* **Try it**: Lines to restate from the data below: from the one containing "イヤリングパーツ MUNCVY DIY" to the one containing "Sindikalna organizacija HG", both included. Give them again exactly, and only them.
BEGIN Given records
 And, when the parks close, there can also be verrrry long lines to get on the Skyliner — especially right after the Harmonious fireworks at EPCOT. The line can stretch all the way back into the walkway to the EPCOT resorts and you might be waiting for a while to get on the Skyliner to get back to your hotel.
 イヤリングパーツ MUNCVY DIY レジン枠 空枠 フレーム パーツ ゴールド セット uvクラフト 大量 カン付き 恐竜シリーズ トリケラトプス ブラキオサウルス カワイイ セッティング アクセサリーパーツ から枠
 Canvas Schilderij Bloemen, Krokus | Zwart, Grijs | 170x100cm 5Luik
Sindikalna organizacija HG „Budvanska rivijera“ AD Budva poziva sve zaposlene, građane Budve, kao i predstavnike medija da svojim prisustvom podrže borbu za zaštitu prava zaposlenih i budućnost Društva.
END Given records
BEGIN Given records
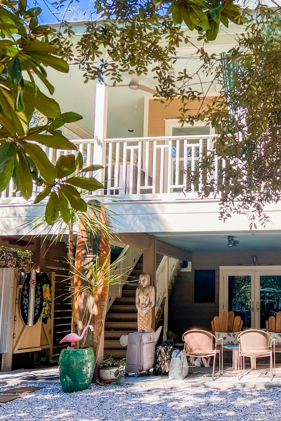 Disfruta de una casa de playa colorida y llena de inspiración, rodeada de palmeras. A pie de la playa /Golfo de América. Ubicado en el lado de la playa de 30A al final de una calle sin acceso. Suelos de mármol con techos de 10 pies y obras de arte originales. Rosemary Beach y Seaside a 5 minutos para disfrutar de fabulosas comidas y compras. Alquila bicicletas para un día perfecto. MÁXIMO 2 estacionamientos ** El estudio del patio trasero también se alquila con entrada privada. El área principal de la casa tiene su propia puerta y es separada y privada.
END Given records
* **Output for this exercise**:
 イヤリングパーツ MUNCVY DIY レジン枠 空枠 フレーム パーツ ゴールド セット uvクラフト 大量 カン付き 恐竜シリーズ トリケラトプス ブラキオサウルス カワイイ セッティング アクセサリーパーツ から枠
 Canvas Schilderij Bloemen, Krokus | Zwart, Grijs | 170x100cm 5Luik
Sindikalna organizacija HG „Budvanska rivijera“ AD Budva poziva sve zaposlene, građane Budve, kao i predstavnike medija da svojim prisustvom podrže borbu za zaštitu prava zaposlenih i budućnost Društva.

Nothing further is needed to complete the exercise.